La vigilance est de mise puisque la réglisse est présente dans de nombreux aliments, de manière évidente dans des confiseries à la réglisse, mais également dans certains pastis avec ou sans alcool, dans de nombreuses tisanes, dans certaines bières artisanales... Elle est utilisée pour son pouvoir sucrant dans des snacks, chewing-gums, glaces, ou encore dans des compléments alimentaires.
Café, thé et boissons diverses et énergisantes, à réguler
En aigu, la caféine, contenue dans le café et le thé, a un effet stimulant. Sa consommation aiderait à accroitre la vigilance mais elle entraine également une tachycardie et une augmentation transitoire de la pression artérielle.

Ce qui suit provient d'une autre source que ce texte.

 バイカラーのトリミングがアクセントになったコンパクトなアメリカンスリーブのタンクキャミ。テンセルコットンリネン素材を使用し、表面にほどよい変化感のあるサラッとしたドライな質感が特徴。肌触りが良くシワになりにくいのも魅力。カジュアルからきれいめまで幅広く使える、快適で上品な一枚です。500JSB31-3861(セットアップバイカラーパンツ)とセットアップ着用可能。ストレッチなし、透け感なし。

A ce titre, la SFHTA propose de ne pas limiter la consommation de café et thé, tant que celle-ci reste modérée, inférieure à 3 à 4 tasses par jour.
Dans son argumentaire, la SFHTA précise que la consommation de certains jus de fruits riches en nitrates (jus de betterave ou de grenade par exemple) parfois encouragée par certaines recommandations voit son bénéfice éventuel à nuancer en raison d’un contenu souvent élevé en sucres. Il est donc nécessaire d’être prudent.

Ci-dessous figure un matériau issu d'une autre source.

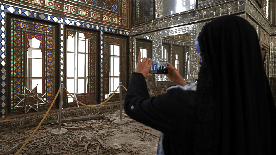 Una visitante toma fotografías del interior dañado del histórico Palacio de Golestán en Teherán, alcanzado por un ataque estadounidense-israelí el 4 de abril de 2026 (AFP).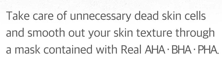 A 100% plant-based biodegradable sheet mask formulated with Real AHA, BHA, and PHA to manage excess sebum, reduce dead skin celts for smoother skin texture, and replenish moisture to soothe the skin. For All skin types especially acne-prone and sensitive skin.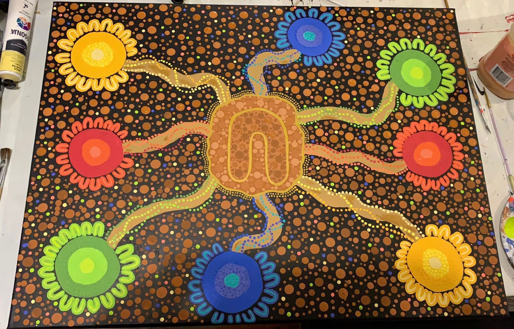 Out artworks are limited to on cotton, we do a range of art over a collection of different mediums. We do artworks for organisations seeking art for their RAP's, sporting clubs Aboriginal designed jerseys or even one for your home! If you're looking to commission an artwork let us know all about it below! Feel free to have a look at some of our previous artworks displayed underneath.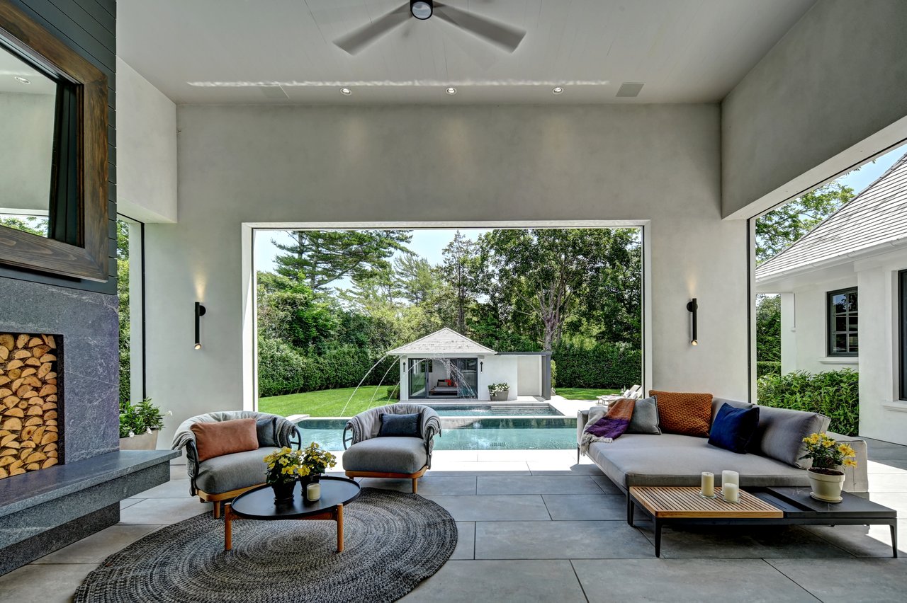 Spanning approximately 8,000 square feet, the residence presents a refined dialogue between classic Hamptons craftsmanship and modern architectural expression. Traditional detailing is executed with precision, while contemporary elements introduce scale, light, and proportion throughout.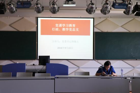 2016年9月22日中午12点,我校行政和教学两个党总支在明华楼五楼演播中心举行“两学一做”学习教育,党委书记韩晓玉为党员同志讲党课。

Par mesure de prudence, en raison de leur contenu en caféine et de leur possible association avec l’alcool, il est recommandé d’éviter les boissons énergisantes.
Le poids, à surveiller
Le lien entre surpoids ou obésité et HTA est reconnu. C’’est pourquoi toutes les recommandations sur l’HTA préconisent une perte de poids chez les personnes en surpoids ou obèses. La baisse tensionnelle attendue est de l’ordre de 1 mmHg par Kg.

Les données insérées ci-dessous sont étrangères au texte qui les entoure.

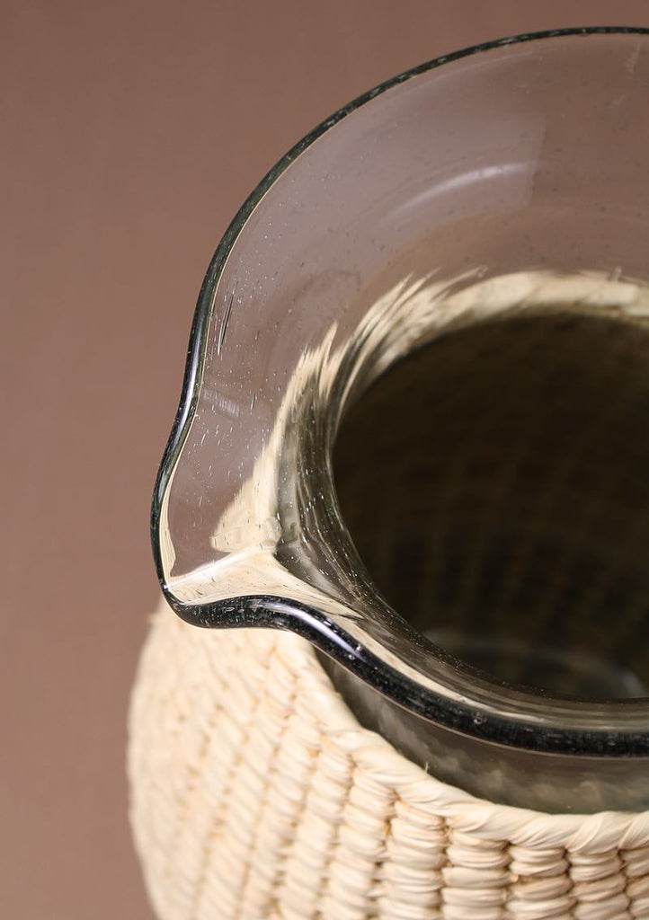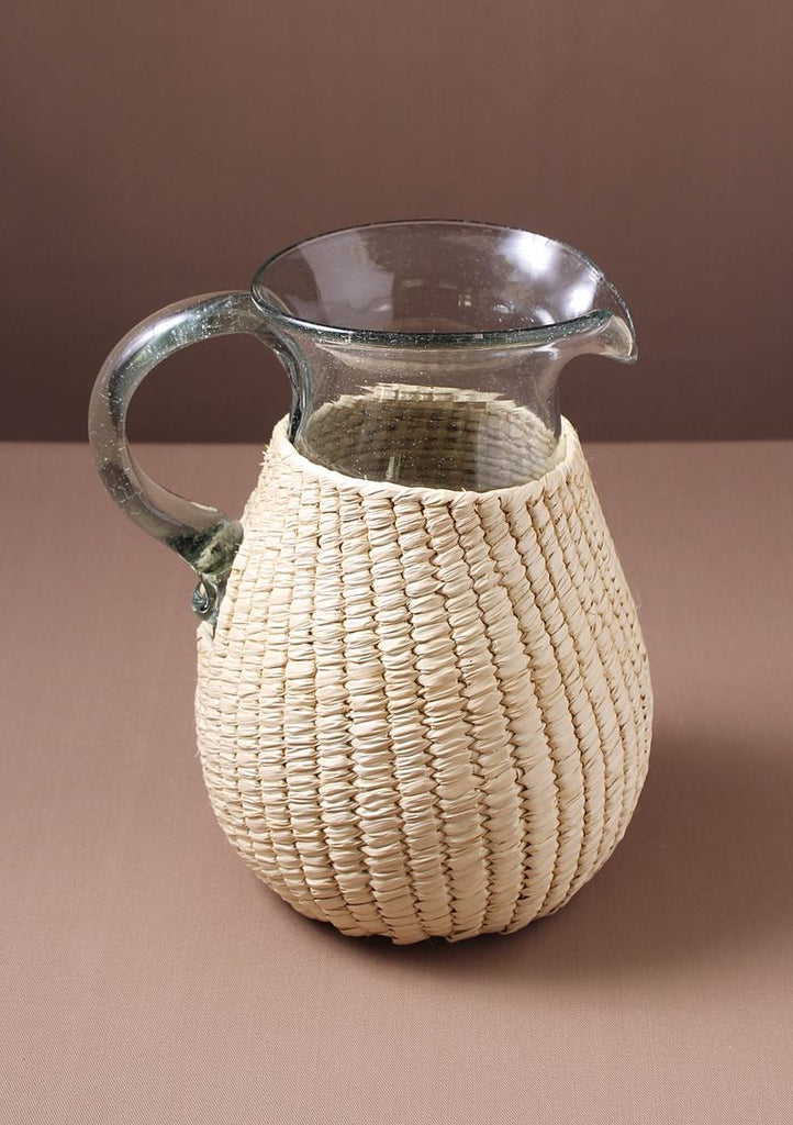 DESCRIPCIÓN: Jarra hecha de vidrio soplado con funda de palma artesanal de Guerrero. Para las mesas y cocinas mexicanas, los productos de palma natural mezclan lo chic con lo cool y lo mexicano! La palma también ayuda a mantener los líquidos a temperaturas frías.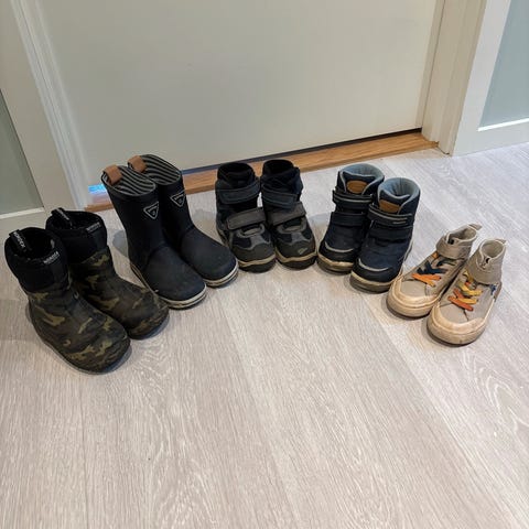 Bruken har vært i varierende grad. Noen godt brukt, andre ikke. Selges samlet for kr 350. Converse str 26, Ecco vintersko str 26, Bruse vinterstøvel str 26, Vikin støvel str 26, H&M sommersko str 29 og Viking vinterstøvel str 29.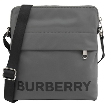 BURBERRY 8052870 燙印LOGO中性風拉鍊斜背扁包.灰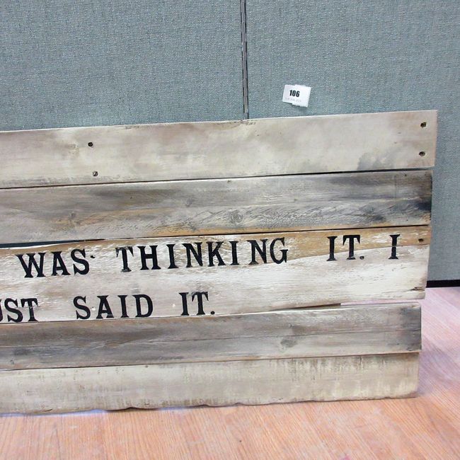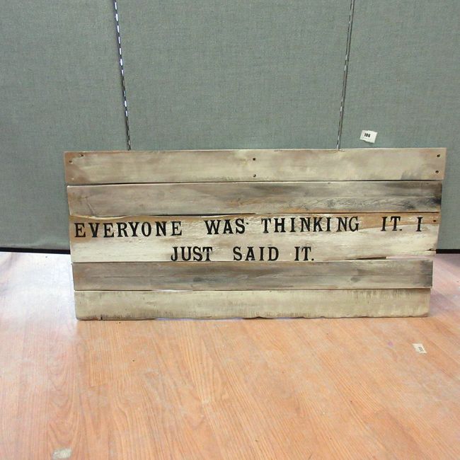 Current Bid: $5.00 [Refresh Price]YOU WILL NEED TO REFRESH THIS PAGE TO SEE UPDATED BID (Log in and this will update automatically) You must LOG IN or REGISTER to see this full page auction listing and bid. Auction is Over Winning Bid Amount: $5.00 **Lot Details: (016r) - Custom wall art Everyone Was Thinking It, I Just Said It. 40" x 19" Log in to add this lot to your watch list or place a bid |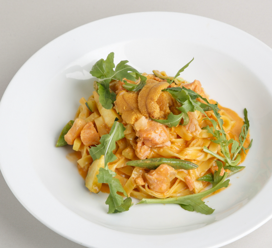 ■【13階】「セストセンソ」北海道二海サーモンとズッキーニ、モロッコインゲンのウニクリームソース 2,480円

La SFHTA recommande une prise en charge précoce et pluridisciplinaire (diététicien-nutritionniste, médecin, psychologue, praticien formé aux techniques d’entretien motivationnel, kinésithérapeute etc.) et coordonnée entre la ville et l’hôpital. Attention toutefois aux régimes amaigrissants restrictifs et trop hypocaloriques, ou des régimes déséquilibrés, délétères sur le long terme et souvent néfastes sur la santé physique et psychique du patient.